Give back every record exactly, with its pictures left out.

Stored records:
.....

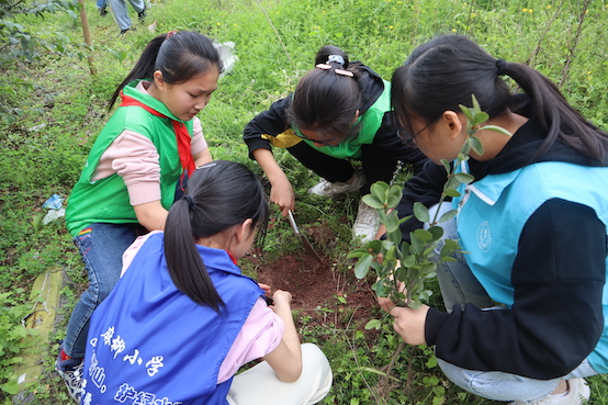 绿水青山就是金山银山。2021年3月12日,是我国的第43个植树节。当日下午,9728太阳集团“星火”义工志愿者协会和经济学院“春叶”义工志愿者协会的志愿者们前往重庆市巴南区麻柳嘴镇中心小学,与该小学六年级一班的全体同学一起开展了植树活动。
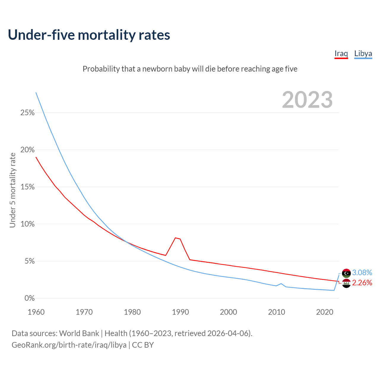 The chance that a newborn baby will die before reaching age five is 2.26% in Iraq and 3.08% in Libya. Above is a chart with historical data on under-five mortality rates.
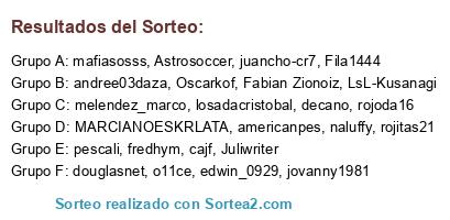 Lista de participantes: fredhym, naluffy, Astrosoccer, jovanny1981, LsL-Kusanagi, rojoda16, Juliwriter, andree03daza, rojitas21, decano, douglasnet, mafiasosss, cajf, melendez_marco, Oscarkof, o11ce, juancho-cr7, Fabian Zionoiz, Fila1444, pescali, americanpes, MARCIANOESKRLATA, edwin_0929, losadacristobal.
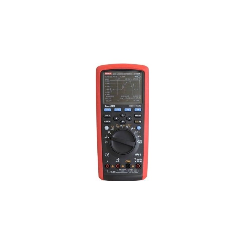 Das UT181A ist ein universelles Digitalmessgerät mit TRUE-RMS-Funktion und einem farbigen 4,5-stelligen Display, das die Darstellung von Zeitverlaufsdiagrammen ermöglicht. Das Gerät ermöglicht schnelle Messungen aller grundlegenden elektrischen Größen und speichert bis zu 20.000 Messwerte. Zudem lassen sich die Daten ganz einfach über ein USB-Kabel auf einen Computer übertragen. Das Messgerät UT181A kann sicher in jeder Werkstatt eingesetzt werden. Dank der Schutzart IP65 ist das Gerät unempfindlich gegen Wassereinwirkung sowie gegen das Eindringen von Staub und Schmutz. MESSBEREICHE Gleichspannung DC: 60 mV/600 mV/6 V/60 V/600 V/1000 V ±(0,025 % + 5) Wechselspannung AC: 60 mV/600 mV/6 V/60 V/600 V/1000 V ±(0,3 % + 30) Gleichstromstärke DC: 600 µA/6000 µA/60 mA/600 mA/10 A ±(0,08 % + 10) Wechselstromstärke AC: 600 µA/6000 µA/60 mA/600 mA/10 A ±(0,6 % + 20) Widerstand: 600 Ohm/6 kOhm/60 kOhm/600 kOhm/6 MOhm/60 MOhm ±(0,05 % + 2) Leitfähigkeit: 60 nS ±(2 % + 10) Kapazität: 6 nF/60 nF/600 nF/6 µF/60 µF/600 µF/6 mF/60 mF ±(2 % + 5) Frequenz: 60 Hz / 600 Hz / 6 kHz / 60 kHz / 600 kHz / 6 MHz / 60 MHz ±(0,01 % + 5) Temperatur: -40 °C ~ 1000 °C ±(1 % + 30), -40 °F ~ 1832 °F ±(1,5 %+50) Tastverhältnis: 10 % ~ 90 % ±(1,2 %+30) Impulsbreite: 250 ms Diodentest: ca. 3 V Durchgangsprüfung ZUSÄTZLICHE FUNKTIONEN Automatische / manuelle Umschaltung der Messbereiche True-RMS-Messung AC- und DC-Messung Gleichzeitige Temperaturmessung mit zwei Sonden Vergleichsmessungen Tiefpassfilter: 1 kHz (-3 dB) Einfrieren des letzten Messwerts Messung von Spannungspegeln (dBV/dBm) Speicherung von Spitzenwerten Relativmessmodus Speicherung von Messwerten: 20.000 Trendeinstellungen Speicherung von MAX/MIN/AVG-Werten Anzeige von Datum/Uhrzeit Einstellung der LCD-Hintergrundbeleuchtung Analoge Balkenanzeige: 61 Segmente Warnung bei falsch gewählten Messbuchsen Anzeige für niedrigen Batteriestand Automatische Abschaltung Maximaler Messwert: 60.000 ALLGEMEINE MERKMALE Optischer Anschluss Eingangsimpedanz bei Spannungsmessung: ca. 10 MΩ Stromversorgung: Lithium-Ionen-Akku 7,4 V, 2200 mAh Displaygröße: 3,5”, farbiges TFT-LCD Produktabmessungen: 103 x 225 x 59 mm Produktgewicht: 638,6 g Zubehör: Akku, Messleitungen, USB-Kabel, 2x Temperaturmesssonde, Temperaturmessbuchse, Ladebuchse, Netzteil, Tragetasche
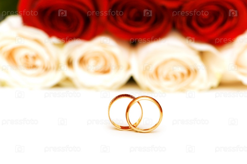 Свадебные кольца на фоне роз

.....

> **COMPLETED TASK**
 绿水青山就是金山银山。2021年3月12日,是我国的第43个植树节。当日下午,9728太阳集团“星火”义工志愿者协会和经济学院“春叶”义工志愿者协会的志愿者们前往重庆市巴南区麻柳嘴镇中心小学,与该小学六年级一班的全体同学一起开展了植树活动。
 The chance that a newborn baby will die before reaching age five is 2.26% in Iraq and 3.08% in Libya. Above is a chart with historical data on under-five mortality rates.
 Lista de participantes: fredhym, naluffy, Astrosoccer, jovanny1981, LsL-Kusanagi, rojoda16, Juliwriter, andree03daza, rojitas21, decano, douglasnet, mafiasosss, cajf, melendez_marco, Oscarkof, o11ce, juancho-cr7, Fabian Zionoiz, Fila1444, pescali, americanpes, MARCIANOESKRLATA, edwin_0929, losadacristobal.
 Das UT181A ist ein universelles Digitalmessgerät mit TRUE-RMS-Funktion und einem farbigen 4,5-stelligen Display, das die Darstellung von Zeitverlaufsdiagrammen ermöglicht. Das Gerät ermöglicht schnelle Messungen aller grundlegenden elektrischen Größen und speichert bis zu 20.000 Messwerte. Zudem lassen sich die Daten ganz einfach über ein USB-Kabel auf einen Computer übertragen. Das Messgerät UT181A kann sicher in jeder Werkstatt eingesetzt werden. Dank der Schutzart IP65 ist das Gerät unempfindlich gegen Wassereinwirkung sowie gegen das Eindringen von Staub und Schmutz. MESSBEREICHE Gleichspannung DC: 60 mV/600 mV/6 V/60 V/600 V/1000 V ±(0,025 % + 5) Wechselspannung AC: 60 mV/600 mV/6 V/60 V/600 V/1000 V ±(0,3 % + 30) Gleichstromstärke DC: 600 µA/6000 µA/60 mA/600 mA/10 A ±(0,08 % + 10) Wechselstromstärke AC: 600 µA/6000 µA/60 mA/600 mA/10 A ±(0,6 % + 20) Widerstand: 600 Ohm/6 kOhm/60 kOhm/600 kOhm/6 MOhm/60 MOhm ±(0,05 % + 2) Leitfähigkeit: 60 nS ±(2 % + 10) Kapazität: 6 nF/60 nF/600 nF/6 µF/60 µF/600 µF/6 mF/60 mF ±(2 % + 5) Frequenz: 60 Hz / 600 Hz / 6 kHz / 60 kHz / 600 kHz / 6 MHz / 60 MHz ±(0,01 % + 5) Temperatur: -40 °C ~ 1000 °C ±(1 % + 30), -40 °F ~ 1832 °F ±(1,5 %+50) Tastverhältnis: 10 % ~ 90 % ±(1,2 %+30) Impulsbreite: 250 ms Diodentest: ca. 3 V Durchgangsprüfung ZUSÄTZLICHE FUNKTIONEN Automatische / manuelle Umschaltung der Messbereiche True-RMS-Messung AC- und DC-Messung Gleichzeitige Temperaturmessung mit zwei Sonden Vergleichsmessungen Tiefpassfilter: 1 kHz (-3 dB) Einfrieren des letzten Messwerts Messung von Spannungspegeln (dBV/dBm) Speicherung von Spitzenwerten Relativmessmodus Speicherung von Messwerten: 20.000 Trendeinstellungen Speicherung von MAX/MIN/AVG-Werten Anzeige von Datum/Uhrzeit Einstellung der LCD-Hintergrundbeleuchtung Analoge Balkenanzeige: 61 Segmente Warnung bei falsch gewählten Messbuchsen Anzeige für niedrigen Batteriestand Automatische Abschaltung Maximaler Messwert: 60.000 ALLGEMEINE MERKMALE Optischer Anschluss Eingangsimpedanz bei Spannungsmessung: ca. 10 MΩ Stromversorgung: Lithium-Ionen-Akku 7,4 V, 2200 mAh Displaygröße: 3,5”, farbiges TFT-LCD Produktabmessungen: 103 x 225 x 59 mm Produktgewicht: 638,6 g Zubehör: Akku, Messleitungen, USB-Kabel, 2x Temperaturmesssonde, Temperaturmessbuchse, Ladebuchse, Netzteil, Tragetasche
 Свадебные кольца на фоне роз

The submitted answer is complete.